Batthyány (2004) coloca ainda que é necessário problematizar as intervenções do Estado, porque através dessas intervenções, sejam elas diretas ou indiretas, a maioria das políticas públicas para o setor reforçou a divisão sexual do trabalho, sem que se discuta essa divisão em que os homens estão presentes no trabalho produtivo e remunerado, enquanto as mulheres estão subordinadas ao trabalho reprodutivo e não remunerado.

Para Batthyány (2004), o Estado, por meio de políticas familiares, fiscais e de proteção social, participa diretamente no modelo familiar em que o homem é o provedor principal dos recursos de subsistência familiar. O processo de surgimento do cuidado como problema público, sua inclusão na agenda política e no programa de governo no Uruguai ocorre a partir de 2008, com as primeiras mesas de diálogo da Rede de Gênero e Família, que são antecedentes do processo de desenho do Sistema Nacional de Cuidados.
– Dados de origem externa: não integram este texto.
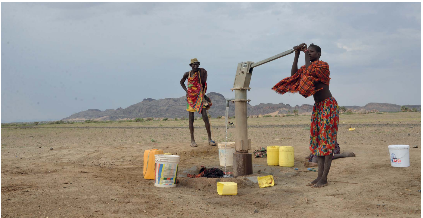
The water pump is often still the most important technological achievement in Africa like here in Turkana, Kenya.

a high potential to increase human insecurity, vulnerability to climate change, as well as harmful environmental impacts. These impacts are also interlinked and tend to exacerbate one another. In particular, they adversely impact those who are already the worst off, such as people living in marginalised communities.
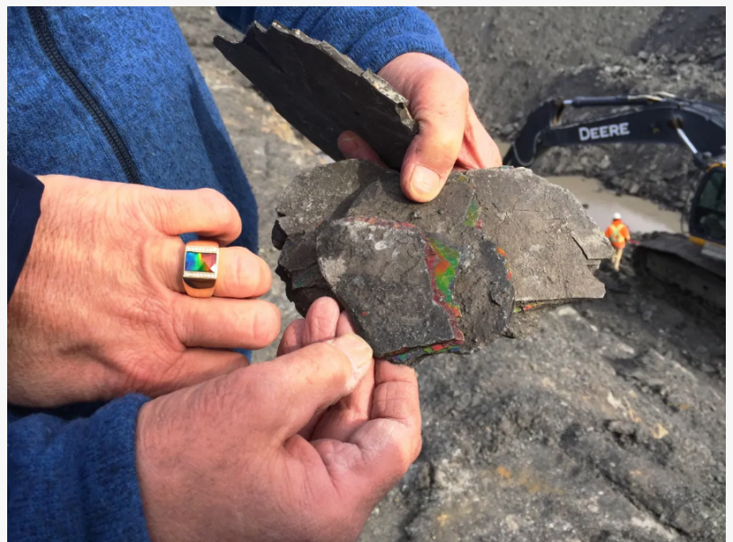
Gold Ammolite ring and fresh rough from mine

This press release contains forward-looking statements that can be identified by terminology such as "believes," "expects," "potential," "plans," "suggests," "may," "should," "could," "intends," or similar expressions. Many forward-looking statements involve known and unknown risks, uncertainties and other factors that may cause actual results to be materially different from any future results implied by such statements. These factors include, but are not limited to, our ability to continue to enhance our products and systems to address industry changes, our ability to expand our customer base and retain existing customers, our ability to effectively compete in our market segment, the lack of public information on our company, our ability to raise sufficient capital to fund our business, operations, our ability to continue as a going concern, and a limited public market for our common stock, among other risks. Many factors are difficult to predict
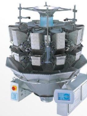
(Dimple Finish Hopper)
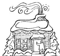
Remember our Shut-ins
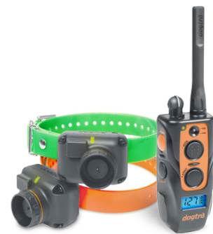
Black color of the case
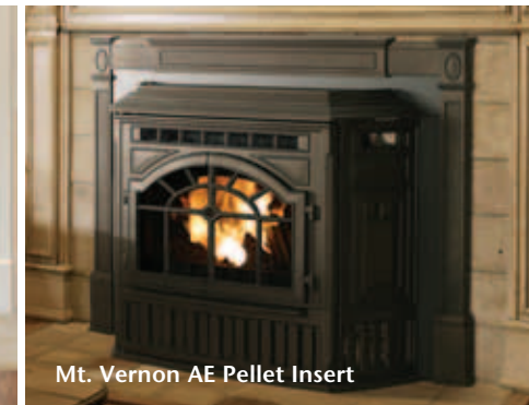
Mt. Vernon AE Pellet Insert
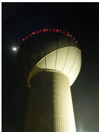
51st Street Tower

Using an FY 2003 appropriation of $275,000 and in-kind services from AWU staff, the City of Austin and the Bureau of Reclamation finalized, with a favorable recommendation, a required Feasibility Study for the City's participation in the Title XVI Water Reclamation Program. The City appreciates the delegation's support of that appropriation and for this project in general.
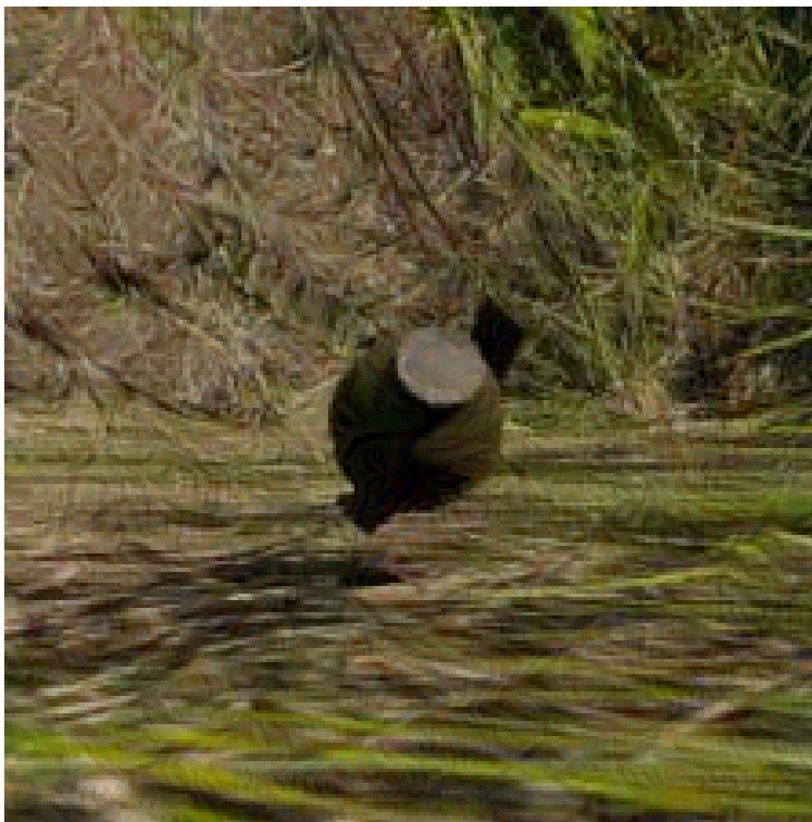
Predicted Class: 1 Uncertainty: 2.454 (b)
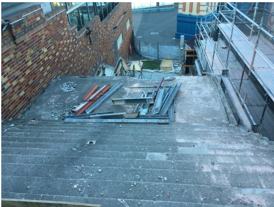
Western Stairs 06 August 2021
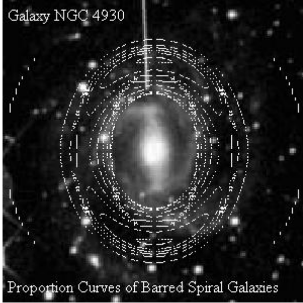
Figure 4: The image of barred spiral galaxy NGC 4930 as shown on Figure 2. The spider-shaped proportion curves do trace or cut through arms consistently as in the case of normal spiral galaxies (see Figure 1).

spiral galaxies could be expressed with simple functions too. The calculation of the azimuthal angle \alpha for the tangential lines of proportion curves involves the third derivatives of f(x, y) while the calculation of the rational orthogonal conditions involves the fourth derivatives. Without further theoretical analysis and appropriate computing technique, the direct numerical calculation with common computers may present significant errors. Fortunately, the error can be greatly reduced by the choice of larger scale s in the formula (7). The choice of the scale in Table 1 (the third column) indicates that the left sides of the orthogonal conditions (13) and (15) (i.e., P(x, y) and G(x, y) ) are significantly small in the relevant areas for the galaxy NGC 4930. That is, the absolute values of these quantities are generally less than 10^{-16} . This suggests that the galaxy is rational. Detailed calculation indicates that there are a few lined areas where the discriminant of the quadratic equation (11) is negative. This means that the galaxy must be at the ground state in the relevant areas. In all other areas, the absolute values of P(x, y) are much smaller than the ones of the quantities M(x, y) and G(x, y) . It means that the galaxy is generally at the excited plus state.

Contudo, é no ano de 2010, através da resolução 863/010, na qual se estabelece a conformação de um grupo de trabalho interministerial, que se passa efetivamente a desenhar este sistema com perspectiva de gênero e geracional (AGUIRRE; FERRARI, 2014). Fazem parte deste grupo o Ministério de Saúde Pública, o Ministério de Desenvolvimento Social, o Ministério do Trabalho e Seguridade Social, o Ministério de Economia e Finanças e a Oficina de Planeamento e Investimento. Esse grupo tem a possibilidade de convocar, quando estimar pertinente, o Banco de Previsão Social, o Instituto Nacional da Criança e do Adolescente do Uruguai, a Administração de Serviços de Saúde do Estado e os governos Departamentais (Estaduais) e Municipais. Esse grupo funciona dentro do Gabinete Social e está sob a coordenação do Diretor de Políticas Sociais do MIDES – Ministério de Desenvolvimento Social (UNFPA, 2011).

A proposta do SNC define o conceito de cuidado como:

[…] Una función social que implica tanto la promoción de la autonomía personal como la atención y asistencia a las personas dependientes. Esta dependencia puede ser transitoria, permanente o crónica, o asociada al ciclo de vida de las personas […] El cuidado es un componente central en el mantenimiento y desarrollo del tejido social, tanto para la formación de capacidades como para su reproducción […] El cuidado comprende actividades materiales que implican dedicación de tiempo y un involucramiento emocional y afectivo y puede ser realizado de forma remunerada o no. (Grupo de Trabajo Interinstitucional-CNPS, 2012, pág.19 apud AGUIRRE; FERRARI, 2014, p. 39). Contudo, no processo de construção do SNC, se introduz o conceito de sistema de cuidados como um elemento central do sistema de proteção social, sem que haja discriminação de gênero, raça, classe social, etnia ou lugar no território (FASSLER, 2010).

Por outro lado, em relação aos quadros conceituais do SNC, o debate promovido apresentou uma definição sobre o significado de um Sistema Nacional de Cuidados. A proposta de Salvador (2011) concebe o sistema

[...] en clave de políticas públicas como el conjunto de acciones públicas y privadas que se desarrollan de forma articulada para brindar atención directa a las personas y a las familias en el cuidado de su hogar y sus miembros. (SALVADOR, 2011, p.17).

Constituem as populações-alvo do sistema: crianças de 0 a 12 anos com ênfase na primeira infância, ou seja, de 0 a 3 anos; pessoas em situação de dependência por deficiência; pessoas adultas idosas dependentes e pessoas que cuidam de outras, de forma remunerada ou não (AGUIRRE; FERRARI 2014).